From: Phillips, Addison <addison@amazon.com>
Date: Mon, 2 Feb 2009 13:48:56 -0800
To: Boris Zbarsky <bzbarsky@MIT.EDU>
CC: Mark Davis <mark.davis@icu-project.org>, "public-i18n-core@w3.org" <public-i18n-core@w3.org>, "www-style@w3.org" <www-style@w3.org>
Message-ID: <4D25F22093241741BC1D0EEBC2DBB1DA017DA5F881@EX-SEA5-D.ant.amazon.com>
Boris wrote:

> 
> I couldn't care less about non-normalizability of XML names per se,

That is the restriction on XML, though.

> but
> you indicated that any data that will be communicated to the server
> can't be normalized. 

I don't think I said that it can't be normalized under any circumstances. It is possible that any data that will be communicated to the server might not be normalized. And the questions basically are:

- is it okay to send non-normalized data? I think the answer to this is emphatically yes. There is actually no way to prevent it.

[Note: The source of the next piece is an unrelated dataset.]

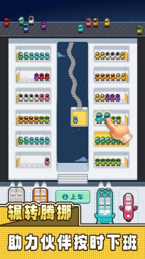 我等的好急最新版帮助下班员工快速匹配对应颜色的班车。通过观察人群服饰色彩,合理安排乘车顺序确保高效通行。特殊救援关卡需规划天台撤离路线,保障市民安全转移。随着关卡推进,将面临更复杂的交通状况与时间压力。轻松简单的操作搭配独特的配色玩法,带来别具一格的解谜体验。
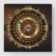 Olika, fantastiska klockor med guld och brasväxlar på brunt, rostfritt underlag. Steampunk stil.

- is it okay to normalize non-normalized data at the server (or elsewhere) for some process? I think the answer to this is emphatically yes, although whether one wants to or not depends on the context of what "some process" is.

> You said this in the context of form
> textfields,
> but there's nothing particularly special about those that I can
> see...

No, there isn't anything particularly special about them. Data is data.

> Any data exposed via a DOM API, whether it be form input values or
> XML/HTML tag localNames can be sent to the server, right?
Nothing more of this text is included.